To reach such an agreement, peers in a control network either carry all metadata required to enable receivers to fully understand any data they might encounter, or ensure that data only reaches receivers with a previously established contract and level of trust.
This poses a significant difficulty to the device developer and the person integrating multiple control devices into one distributed, peer-to-peer control network. The device developer generally needs in-depth knowledge in the processes, protocols, and procedures involved to write code that correctly conditions output data, and correctly identifies, classifies, and interprets incoming data. The person integrating multiple devices into one such network needs to understand each device's attributes and capabilities to combine only those devices that "speak the same language." For example, a generic switch may be able to control a generic lamp, but an industrial washing machine may require a more complex "on/off" signal than what the generic switch can provide.
This programming model includes methods and services that automatically evaluate and apply metadata to data interpretation and data conditioning processes, interfacing the application with appropriately conditioned data only. These methods greatly improve on existing technology by providing a transparent comprehensive data conditioning service.
Figure 1 illustrates the data conditioning services and network data flow provided by this programming model.
III. Data addressing
A peer-to-peer network consists of a number of independently operating devices, generally sharing data on a need-to-know basis. For example, a thermostatic radiator valve may need to receive the current room temperature setpoint from some other device. The same thermostatic radiator may not need to know when or why the setpoint changed, and it will not normally need to know about any control operation on the ceiling lights or the garden sprinkler.
That is, a new temperature setpoint value might be communicated from an input device to all thermostatic radiator valves in the same room.

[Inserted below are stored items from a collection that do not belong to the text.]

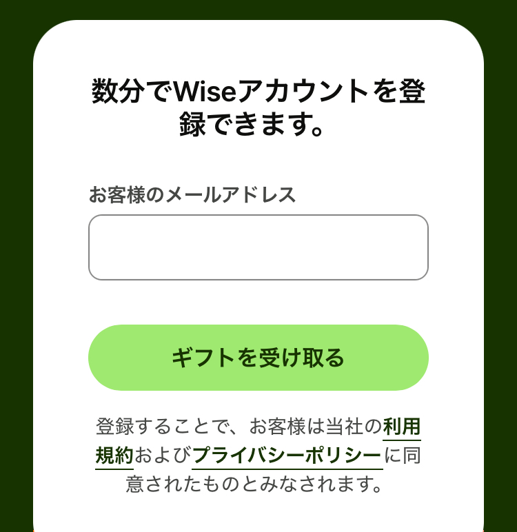 ご自身のメールアドレスを入力して、「ギフトを受け取る」をタップすると下の画面になります。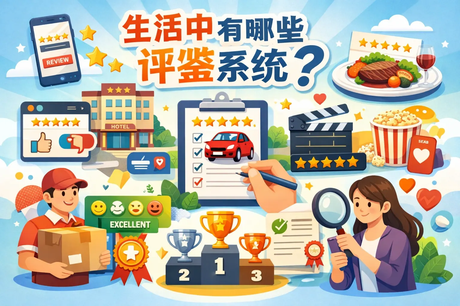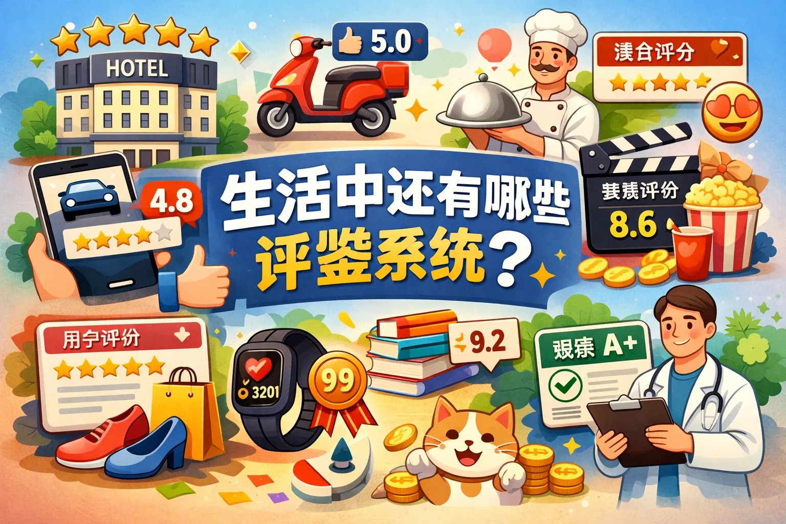 生活中的评鉴系统广泛存在于教育、信用、消费、医疗、产品质量、职业资格、企业绩效与社会治理等领域,其核心在于通过标准化与量化机制帮助个人与组织提升决策效率与公平性。文章系统梳理了不同类型评鉴体系的结构、特点与应用场景,并分析其优势与局限,指出未来评价体系将向数据化、智能化、多维度与透明化方向发展,同时强调理性看待分数与等级的重要性。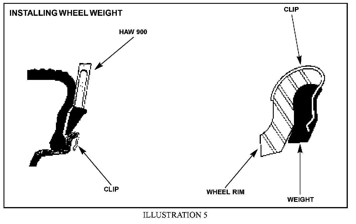 2. Insert the wheel weight clip between the tire bead and the road wheel as shown in Illustration 5. Release the compression tool.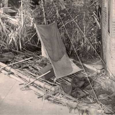 Cuban raft made of wood that has been held together by wire and cords. The sails are made of tobacco and manure bags.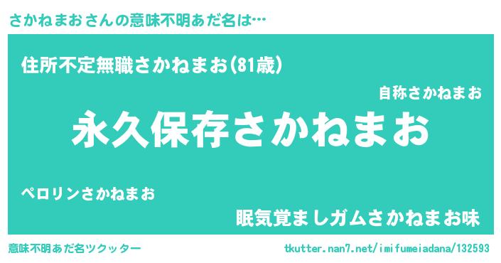 | 男性向けラノベタイトル風あだ名 | 『さかねまおという概念が存在しない退屈な世界 』 |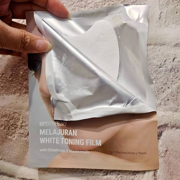 撕下亮白面片上塑膠片緊貼臉部想改善的部位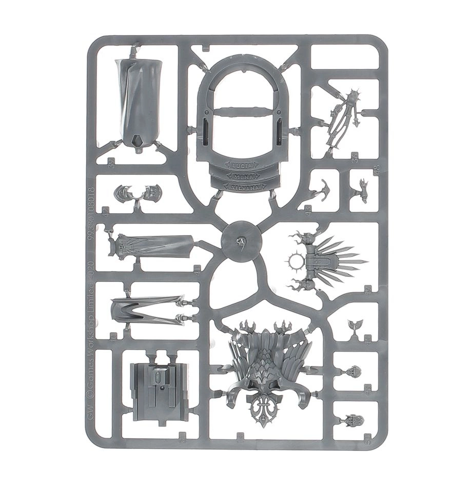 dostarczany z 1x okrągłą podstawą Cytadela 50 mm, 1x dużą latającą podstawą

At the same time, other rooms' thermostatic radiator valves may receive other setpoint values from other sources, while the garden sprinkler is controlled as a logically separate unit on the same network.
To facilitate peer-to-peer communication in this manner, devices transmitting data (data publishers) need to know how to reach the applicable targets (data subscribers), and may need to know whether and how to accept or reject incoming data. This mutual knowledge includes knowledge of source and/or destination addresses, information to select the correct datapoint from multiple datapoints defined on the receiver node, routing details, and transport properties (such as service types, the time allowed to detect an outage or enable retransmission, and similar control data).
This programming model includes abstract services to facilitate contract offers and acceptances in the terms of the application script, concealing the required low-level details within the implementation of this model. This simplifies development of distributed control applications. By supporting intrinsic contract management services, this programming model also greatly reduces the need for, and in many cases eliminates the need for, dedicated integration steps when forming a network from distributed applications.
Figure 2 shows a simple control network featuring four distinct devices, each contributing one application. The figure illustrates the set of low-level addressing details required to establish and maintain such a contract, and the realm of application expertise.